How to Delete Rows in Pandas Based on Condition
Deleting rows in a pandas DataFrame based on a specific condition is a common task in data analysis. Pandas, being a powerful data manipulation library in Python, provides various methods to filter and delete rows that meet certain criteria. In this article, we will discuss different approaches to delete rows in a pandas DataFrame based on a condition.

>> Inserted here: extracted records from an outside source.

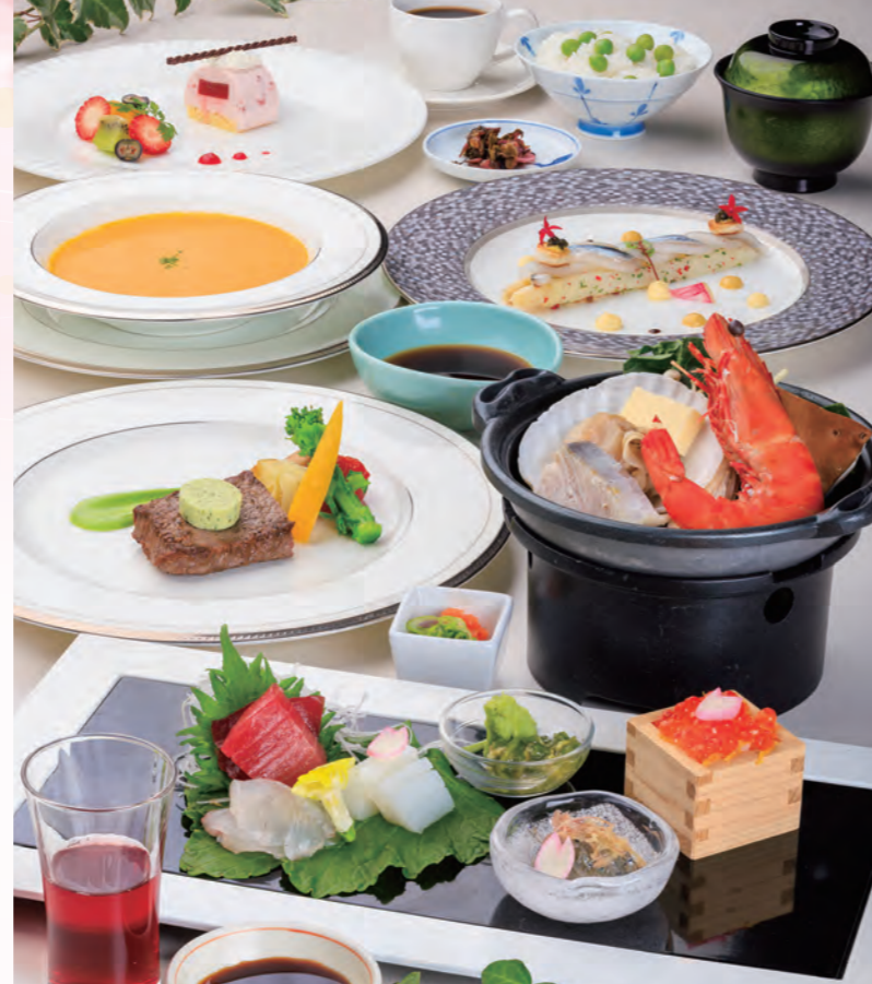
和食・洋食料理長がコラボレーションした和洋一押しの“美味しい”を集めました。
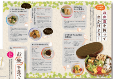
旬の野菜たっぷり♪ お弁当を持って出かけよう！ (R3.5月号)

毎月連載している食育キッチンに加 え、旬な農産物を使ったレシピ特集を 掲載しました。
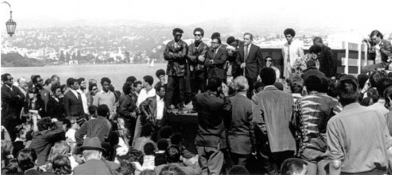
Manifestation d'hommage à Bobby Hutton
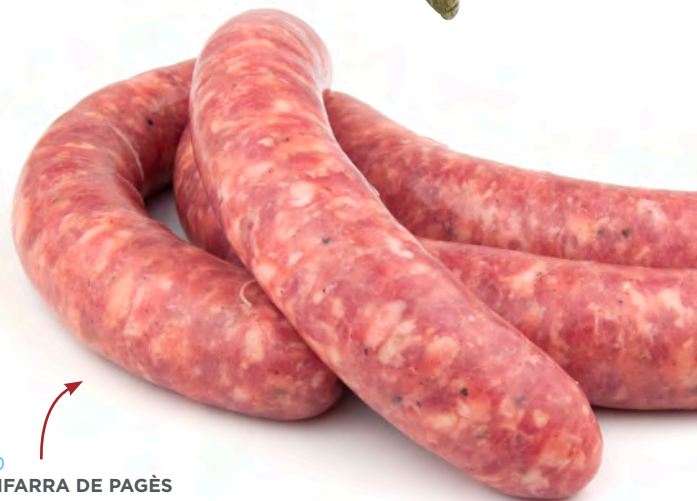
2500 BOTIFARRA DE PAGÈS Safata de ±2kg - 16u de 140g

One of the most straightforward methods to delete rows in a pandas DataFrame is by using the `drop()` function. This function allows you to specify the conditions under which rows should be removed from the DataFrame. Here’s an example:
“`python
import pandas as pd
Create a sample DataFrame
data = {‘Name’: [‘John’, ‘Jane’, ‘Alice’, ‘Bob’, ‘Charlie’],
‘Age’: [25, 30, 35, 40, 45],
‘City’: [‘New York’, ‘Los Angeles’, ‘Chicago’, ‘Houston’, ‘Phoenix’]}
df = pd.DataFrame(data)
Delete rows where Age is greater than 35
df = df[df[‘Age’] <= 35]
print(df)
```
In the above example, we have a DataFrame with columns 'Name', 'Age', and 'City'. We want to delete rows where the 'Age' is greater than 35. By using the `drop()` function, we can filter out the rows that meet the condition.
Another method to delete rows based on a condition is by using boolean indexing. This approach involves creating a boolean mask and applying it to the DataFrame. Here's an example:
```python
import pandas as pd
Create a sample DataFrame
data = {'Name': ['John', 'Jane', 'Alice', 'Bob', 'Charlie'],
'Age': [25, 30, 35, 40, 45],
'City': ['New York', 'Los Angeles', 'Chicago', 'Houston', 'Phoenix']}
df = pd.DataFrame(data)
Create a boolean mask for rows where Age is greater than 35
mask = df['Age'] <= 35
Delete rows based on the boolean mask
df = df[mask]
print(df)
```
In this example, we create a boolean mask `mask` for rows where the 'Age' is less than or equal to 35. Then, we apply this mask to the DataFrame using the `drop()` function to delete the rows that meet the condition.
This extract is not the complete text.